After I decluttered my apartment (Exit Strategy 1) and got real about saving or making extra dough (Exit Strategy 2), I looked around my apartment and saw that if I really wanted to eventually quit my job and hit the highway, I'd have to deal with my unfinished business:
- Piles for Ebay, thrift store and yard sale
- Magazines to toss... I wonder how the Pitt Jolie's are doing these days
- Finished paintings that needed to be listed on Etsy
- Blank canvases and journals
- Books I never finished reading and never would
- Recipes I'd clipped but never make... who was kidding who
- Taxes... organizing bulging boxes of receipts
- Gifts never given and store credits for gifts I'd received
- More post-it notes than anyone needs in this lifetime
- Sharpies from Costco (80 in a pack... Though I wish I had at least one Sharpie now. They don't sell them in Paris... and while we're at it, they don't sell popcorn, peanut butter, Ziploc bags or Crest White Strips.)
- Paintbrushes galore, though I only use my five favorites and a palette knife
- Phone books for the last five years
- Old vitamins that made me want to hurl
- Couscous I'd never make because the box was so old
- Etc... it deserves it's own bullet point
- Etc... maybe two bullet points
I started with two trash bags. One for junk (stale couscous and nasty vitamins) and one for recycling (Yellow Pages and magazines). I didn't sift through my magazines for one last look at whatever Amy Winehouse wore or did at a concert. I just chucked the rag mag and assumed it all went well. (I wonder if Nirvana is touring this summer. And when is Heath Leger coming out with a new film? I like that guy. Good hair. Yummy smile.)

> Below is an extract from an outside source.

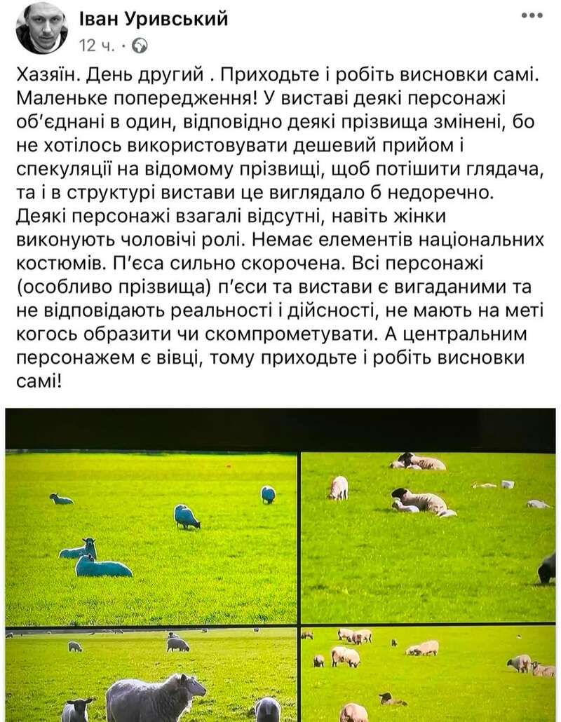 "Всі персонажі (особливо прізвища) п’єси та спектаклю вигадані і не відповідають реальності та дійсності, не мають на меті когось образити чи скомпрометувати. А центральним персонажем є вівці, тому приходьте та робіть висновки самі", - написав він.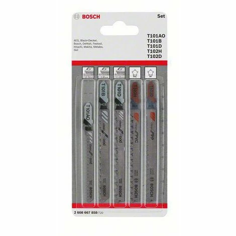 Das 5-tlg. Wood and Plastics Stichsägeblatt-Set macht saubere Schnitte in Holz und Kunststoff. Es enthält Blätter für gerade und Kurvenschnitte. Sie machen saubere Schnitte in Holz. Außerdem enthält es Blätter, die speziell für das feinsäuberliche Schneiden von Kunststoff, wie PVC und PP, geeignet sind. Sie sind kompatibel mit Stichsägen mit einem Einnockenschaftsystem. Setinhalt: T 101 AO Clean for Wood; T 101 B Clean for Wood; T 101 D Clean for Wood; T 102 H Clean for PVC; T 102 D Clean for

I know I could donate magazines and get all goodie-two-shoes about it. But that attitude is what created the pile in the first place. I needed to devote to done. Recycling was as goodie-two-shoes as I was going to get.
The toughest part of this stage was, believe it or not, tossing post-it notes. I couldn't put them in recycling. I. Just. Couldn't. Do. It. I snuck them back into the office supply closet I'd stole them from at work.
Most of the Sharpies were dried up. Tossed.
The paintbrushes, gifts and blank journals went to the thrift store. Note to gift givers: Writers are extremely picky about journals. Don't give me a journal unless it's the Twin Ring. Love.)
Once the recycling and junk was in the alley bins, the yard sale items were turned into a wad of onesies, and the bag hit the thrift store door with a loud thwump, I had the rest to do.
Like PayPal. I needed to remember my PayPal password and the email address I used to sign up for PayPal. It's a small thing but just annoying enough to avoid doing it. This bit of unfinished business was a pocket of plugged energy preventing me from selling on Ebay or Etsy and filling those pockets with coinage.
But I sat down one day, set my alarm for 20 minutes and raced through it. New email, new password and new link to a new bank account. Linked to Ebay and Etsy. Badabing badaboom! Done, bitches. And I had three minutes to spare. After that, I was a selling machine and inching my way closer to pulling out of the daily grind.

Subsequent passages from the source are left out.